2004

The Court's Quiet Correction

The Constitutional Court of South Korea restored President Roh Moo-hyun to power, ending a 63-day political crisis with a measured, unanimous verdict.

May 14Original articlein the voice of precise
Constitutional Court of Korea
Constitutional Court of Korea

On May 14, 2004, the Constitutional Court of South Korea delivered its judgment. The National Assembly had voted to impeach President Roh Moo-hyun two months prior. The charges concerned a minor election law violation and allegations of general incompetence. The court’s ruling was methodical. It acknowledged the technical breach. It then stated the response was disproportionate. The motion was dismissed. Roh was reinstated.

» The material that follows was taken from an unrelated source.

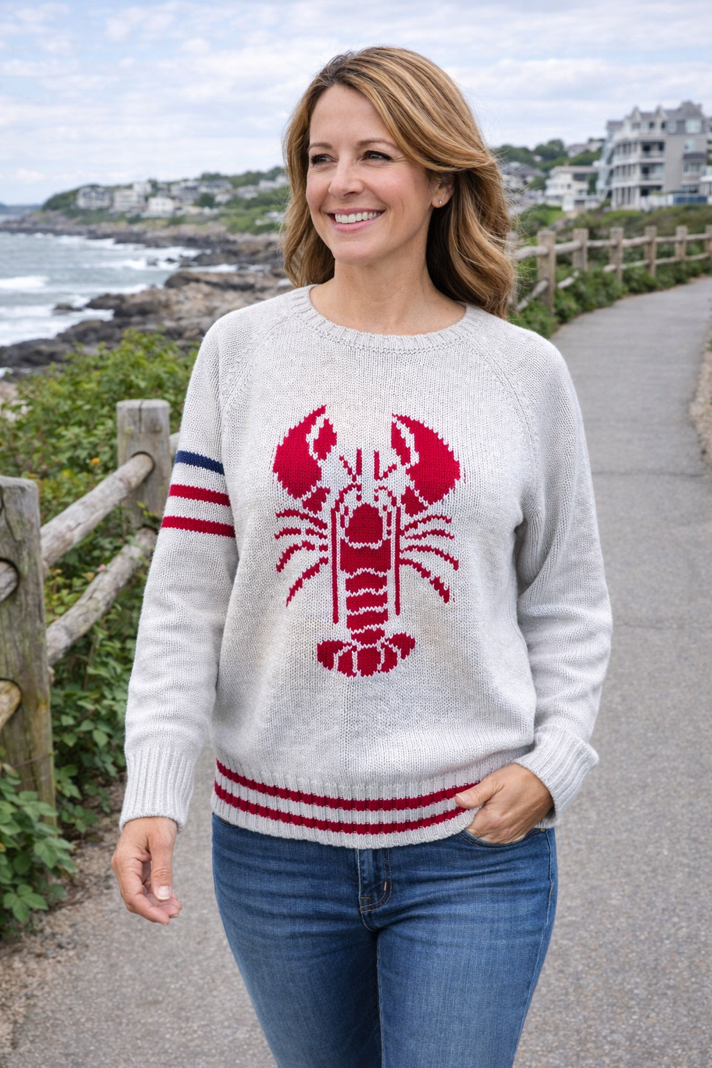 The sweater features a soft, light neutral base—best described as a heathered ivory or light stone color—which gives it a relaxed, easy-to-wear look. The standout design is the bold red lobster graphic centered on the front, knit directly into the fabric for a textured, high-quality finish that feels both playful and distinctly New England.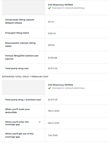 Total yearly drug + premium cost $2,973.24

The language was legal, stripped of flourish. The nine justices acted in concert; the decision was unanimous. There was no commentary on the political frenzy that had preceded it, no analysis of the massive public rallies in Seoul that had supported the president. The court simply measured the action against the constitutional standard and found it wanting. It was a check, applied with deliberate force. The power was in what was left unsaid: no condemnation of the Assembly, no endorsement of the president. Only a reaffirmation of a threshold. The crisis, which had suspended normal governance for 63 days, ended not with a dramatic revolution or a partisan victory, but with a procedural correction. The republic resumed.